Camera placement: The camera should be at or near eye level, centered on the primary display. When someone in the room looks at the remote participants on screen, they should appear to be making natural eye contact with the camera. Mounting the camera on top of a wall-mounted display is the most common and effective placement. Avoid mounting cameras in the ceiling unless you are using a specialized downward-facing 360-degree unit like the Meeting Owl, as steep downward angles are unflattering and make it hard for remote participants to identify who is speaking.

Audio Design: The Most Important Element in the Room

Audio is the single most important component of any conference room setup. People will tolerate mediocre video for an entire meeting, but 30 seconds of echo, feedback, or muffled audio will derail a call. If you have to choose where to spend your budget, spend it on audio.

Ceiling microphones vs table microphones: Ceiling microphones keep the table clear and cannot be accidentally unplugged or knocked over. The Shure MXA920 ceiling array ($3,800) is the gold standard, offering beam-steering technology that creates virtual microphone pickups aimed at specific seating positions. The Biamp Parlé TCM-XA ($2,200) is another strong ceiling option. For huddle rooms and small conference rooms, high-quality tabletop microphones like the Poly Sync 60 ($500) or Jabra Speak2 75 ($350) provide excellent pickup in a compact form factor.
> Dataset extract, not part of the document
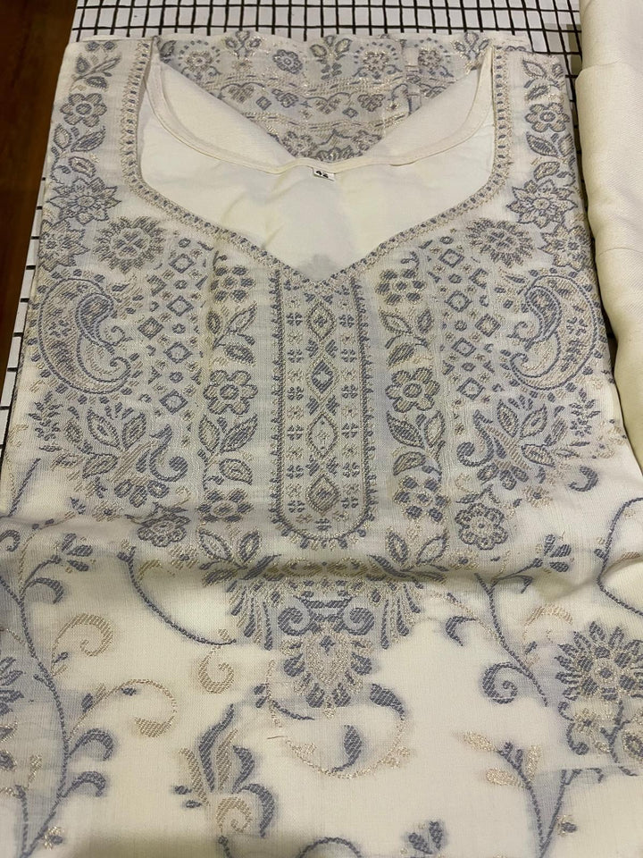 A graceful printed woolen suit that combines sophistication with comfort. The ivory base gives it a serene appeal, while the delicate grey motifs add a refined, understated charm.

DSP (Digital Signal Processor): A DSP is the brain of the audio system. It handles echo cancellation, noise reduction, automatic gain control, and feedback elimination. Without a DSP, you get the dreaded echo where remote participants hear themselves repeated 200 milliseconds later. The Biamp TesiraFORTE ($2,500-$5,000), QSC Core 110f ($3,500), and Shure IntelliMix P300 ($1,800) are standard enterprise DSP choices. For smaller rooms, all-in-one systems like the Rally Bar and Poly Studio X-series have DSPs built in.

Speaker placement: Speakers should be positioned so that sound appears to come from the direction of the display, where remote participants' faces are shown. Mounting speakers directly above or flanking the display creates a natural association between the voice and the face. Ceiling speakers work for larger rooms but can create a disconnected feeling in smaller spaces. For conference room speaker recommendations specific to your room size, our AV team can help you select the right configuration.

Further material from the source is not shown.